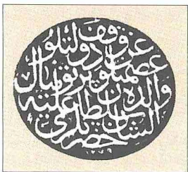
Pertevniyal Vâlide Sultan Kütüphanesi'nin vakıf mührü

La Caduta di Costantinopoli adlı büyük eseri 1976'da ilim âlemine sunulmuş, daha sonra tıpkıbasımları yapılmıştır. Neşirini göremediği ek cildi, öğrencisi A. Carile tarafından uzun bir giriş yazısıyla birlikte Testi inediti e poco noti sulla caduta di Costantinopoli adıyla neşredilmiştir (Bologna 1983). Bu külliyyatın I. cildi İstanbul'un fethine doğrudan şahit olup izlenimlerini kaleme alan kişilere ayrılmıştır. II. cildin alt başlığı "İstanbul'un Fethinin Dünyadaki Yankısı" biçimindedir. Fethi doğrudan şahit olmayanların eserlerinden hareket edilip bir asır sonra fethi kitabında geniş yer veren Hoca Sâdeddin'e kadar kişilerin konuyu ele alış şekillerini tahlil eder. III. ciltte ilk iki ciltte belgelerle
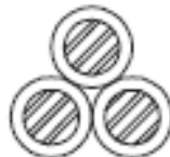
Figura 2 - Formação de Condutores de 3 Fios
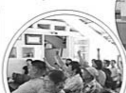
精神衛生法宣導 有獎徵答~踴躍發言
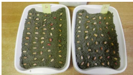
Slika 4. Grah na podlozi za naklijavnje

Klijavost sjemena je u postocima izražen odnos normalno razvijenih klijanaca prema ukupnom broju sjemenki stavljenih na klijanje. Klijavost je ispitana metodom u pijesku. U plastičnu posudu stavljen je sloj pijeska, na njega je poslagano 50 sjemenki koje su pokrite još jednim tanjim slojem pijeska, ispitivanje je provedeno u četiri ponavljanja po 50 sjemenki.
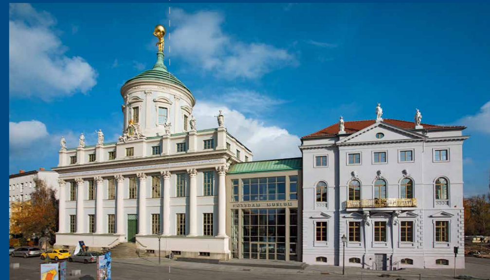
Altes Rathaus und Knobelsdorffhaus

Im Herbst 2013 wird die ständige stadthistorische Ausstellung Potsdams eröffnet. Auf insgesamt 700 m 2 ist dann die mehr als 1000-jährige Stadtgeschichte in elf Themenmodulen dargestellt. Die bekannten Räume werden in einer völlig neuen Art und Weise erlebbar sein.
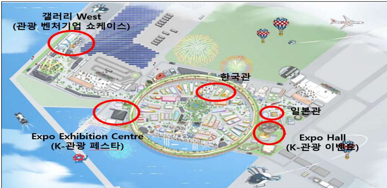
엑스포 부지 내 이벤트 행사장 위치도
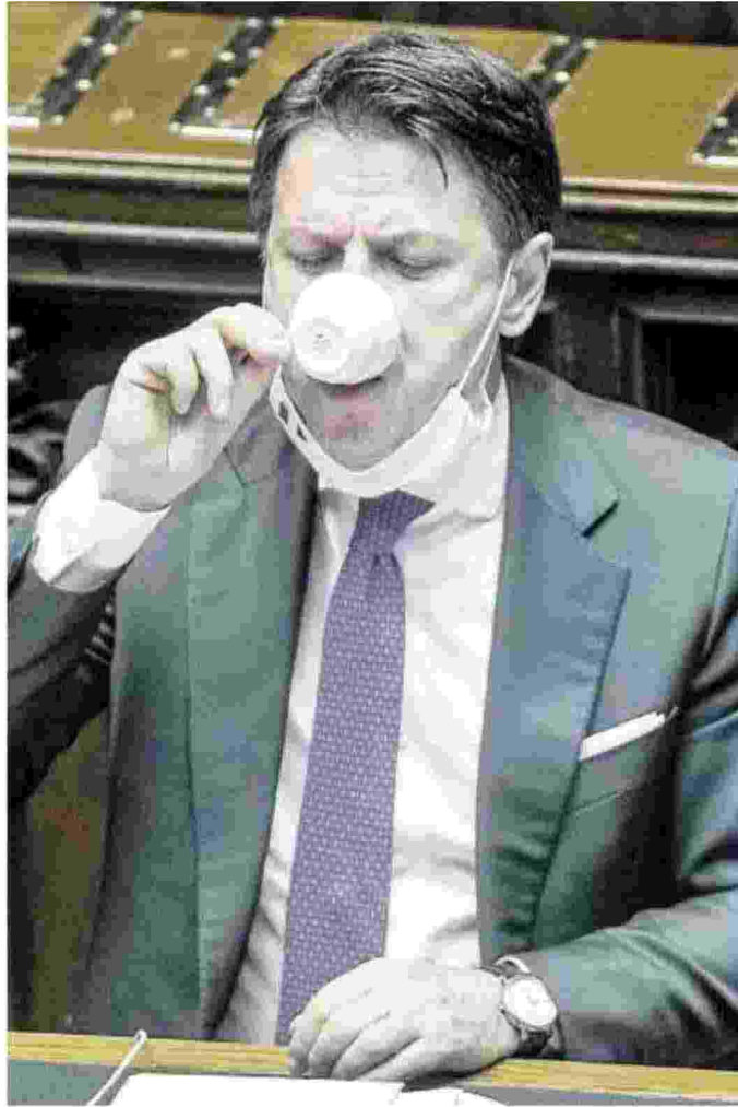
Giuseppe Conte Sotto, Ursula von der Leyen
====================
▶ _Work to complete_:
Drop the images; restate the listing exactly.

▶ _Written response_:
Pertevniyal Vâlide Sultan Kütüphanesi'nin vakıf mührü

La Caduta di Costantinopoli adlı büyük eseri 1976'da ilim âlemine sunulmuş, daha sonra tıpkıbasımları yapılmıştır. Neşirini göremediği ek cildi, öğrencisi A. Carile tarafından uzun bir giriş yazısıyla birlikte Testi inediti e poco noti sulla caduta di Costantinopoli adıyla neşredilmiştir (Bologna 1983). Bu külliyyatın I. cildi İstanbul'un fethine doğrudan şahit olup izlenimlerini kaleme alan kişilere ayrılmıştır. II. cildin alt başlığı "İstanbul'un Fethinin Dünyadaki Yankısı" biçimindedir. Fethi doğrudan şahit olmayanların eserlerinden hareket edilip bir asır sonra fethi kitabında geniş yer veren Hoca Sâdeddin'e kadar kişilerin konuyu ele alış şekillerini tahlil eder. III. ciltte ilk iki ciltte belgelerle
Figura 2 - Formação de Condutores de 3 Fios
精神衛生法宣導 有獎徵答~踴躍發言
Slika 4. Grah na podlozi za naklijavnje

Klijavost sjemena je u postocima izražen odnos normalno razvijenih klijanaca prema ukupnom broju sjemenki stavljenih na klijanje. Klijavost je ispitana metodom u pijesku. U plastičnu posudu stavljen je sloj pijeska, na njega je poslagano 50 sjemenki koje su pokrite još jednim tanjim slojem pijeska, ispitivanje je provedeno u četiri ponavljanja po 50 sjemenki.
Altes Rathaus und Knobelsdorffhaus

Im Herbst 2013 wird die ständige stadthistorische Ausstellung Potsdams eröffnet. Auf insgesamt 700 m 2 ist dann die mehr als 1000-jährige Stadtgeschichte in elf Themenmodulen dargestellt. Die bekannten Räume werden in einer völlig neuen Art und Weise erlebbar sein.
엑스포 부지 내 이벤트 행사장 위치도
Giuseppe Conte Sotto, Ursula von der Leyen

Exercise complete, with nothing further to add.